Fractions are a way to represent parts of a whole. In this exercise, Mandy's spending in each store is described as a fraction of the money she has at each stage of her shopping. A fraction consists of two parts:

• The numerator (the top number), which tells us how many parts we have.
• The denominator (the bottom number), which tells us how many parts make up a whole.

For example, when Mandy spends \(\frac{2}{5}\) of her money in the first store, it means out of every five parts, she spends two.
Understanding fractions is crucial for dividing amounts into parts, which is a fundamental skill in many areas, including algebra and finance. The same method is applied throughout the problem to determine how much money remains after she spends in each store.
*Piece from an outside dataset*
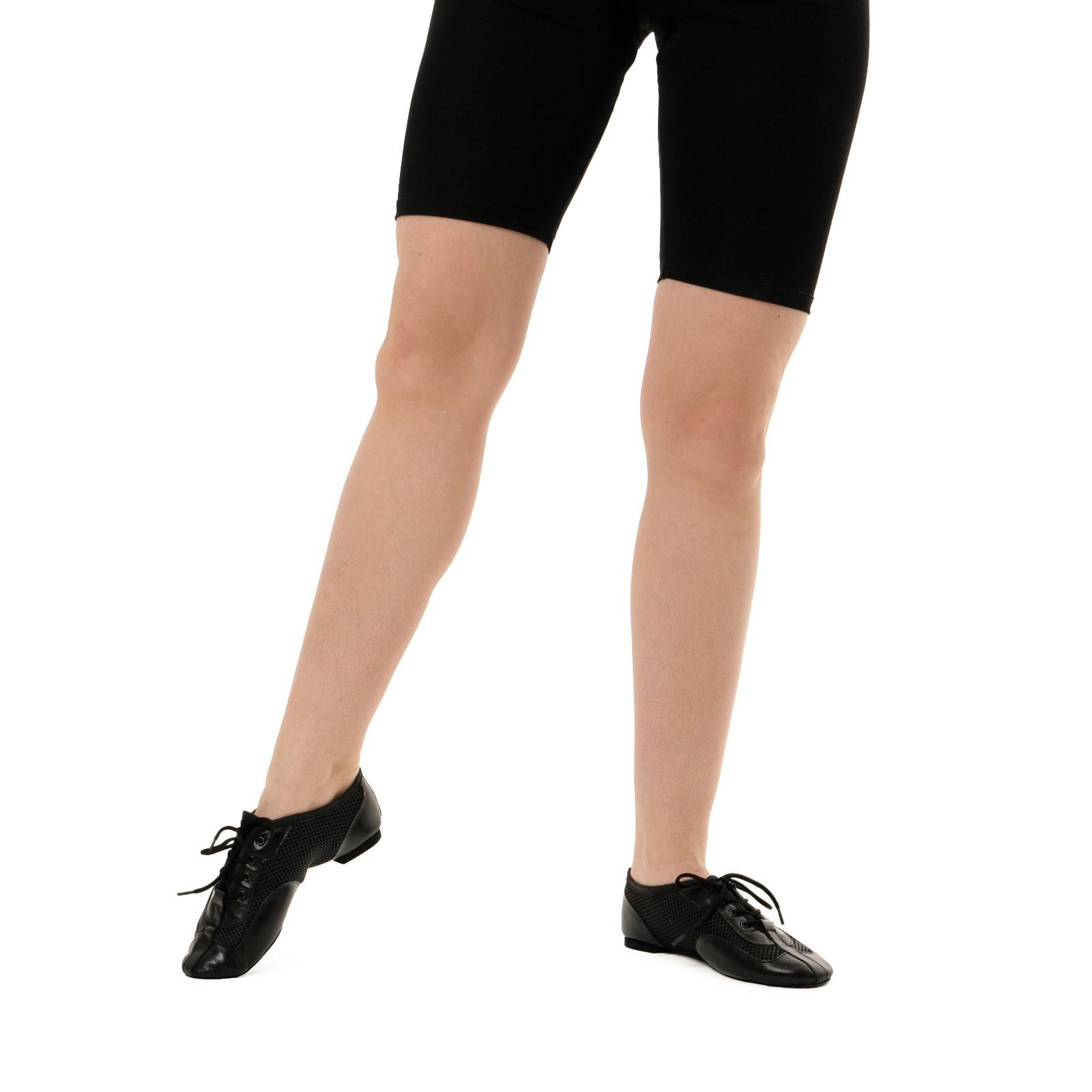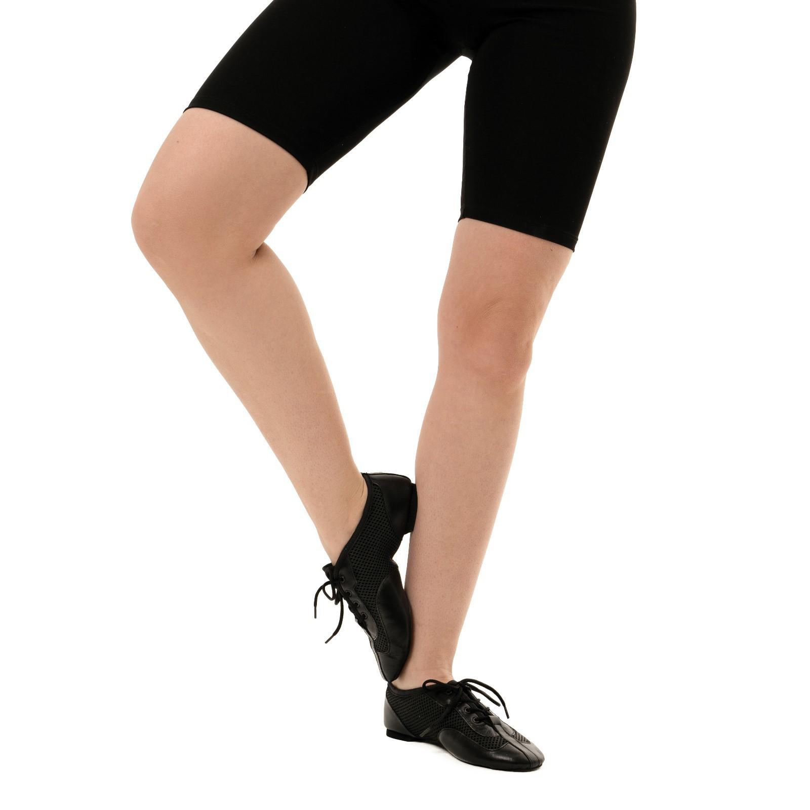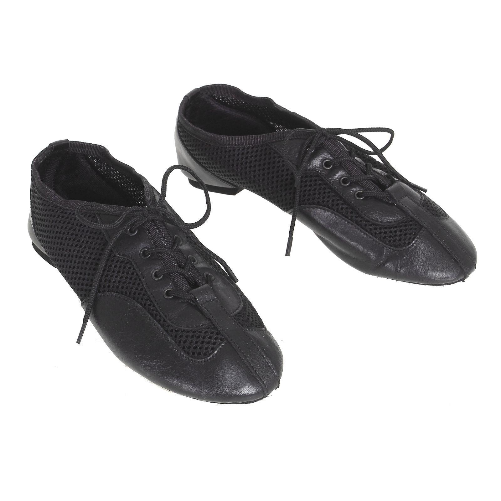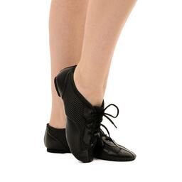 Мягкие джазовки подходят для занятий современными танцами. Разделённая на две части подошва придаёт стопе необходимую гибкость и устойчивость на паркете. Натуральный материал и сетчатые вставки сделают тренировочный процесс комфортнее.

Linear equations involve equations of the form \( ax + b = 0 \). These equations are used to find an unknown value. In the context of this problem, the linear equation helps determine Mandy's initial amount of money.
Mandy's remaining balance calculation after all her spending is summarized by the equation \(\frac{3}{50}x = 6\). This equation is linear because it represents a straight-line relationship between \(x\) and the constants.

• To solve, you isolate \(x\) by performing operations such as multiplication or division.
• The goal is to have \(x\) on one side of the equation, resulting in the solution \(x = 100\).

By understanding and applying the principles of linear equations, you can solve problems involving relationships of unknowns and enumerated values effectively.

Word problems are real-life scenarios presented in a textual format. They require translating words into mathematical expressions to find a solution. In Mandy's shopping scenario, we translate the descriptions of her spending into mathematical terms.
When dealing with word problems:

• Identify the unknowns and define them with variables. Here, we define Mandy's initial amount as \(x\).
• Break down the problem step-by-step, reflecting each action in the story with a mathematical operation.
• Utilize the context provided to set up equations that model the situation, like calculating after each shopping step to find the remaining money.

Word problems, although appearing complex, become manageable when each detail is addressed clearly and mathematically.

Monetary transactions refer to the exchange or spending of money, crucial for budgeting and financial planning. This problem illustrates Mandy's transactions over several stores.
To approach transaction problems, consider these steps:

• Calculate how much money is spent and what remains after each transaction.
• Understand the monetary terms: "spend" reduces the total money, while "remaining" refers to what is left.
• Translate descriptions into percentage or fraction terms to facilitate calculations.

This problem shows that even simple monetary spendings can require careful calculation, particularly when multiple transactions affect the remaining balance sequentially, leading to the conclusion.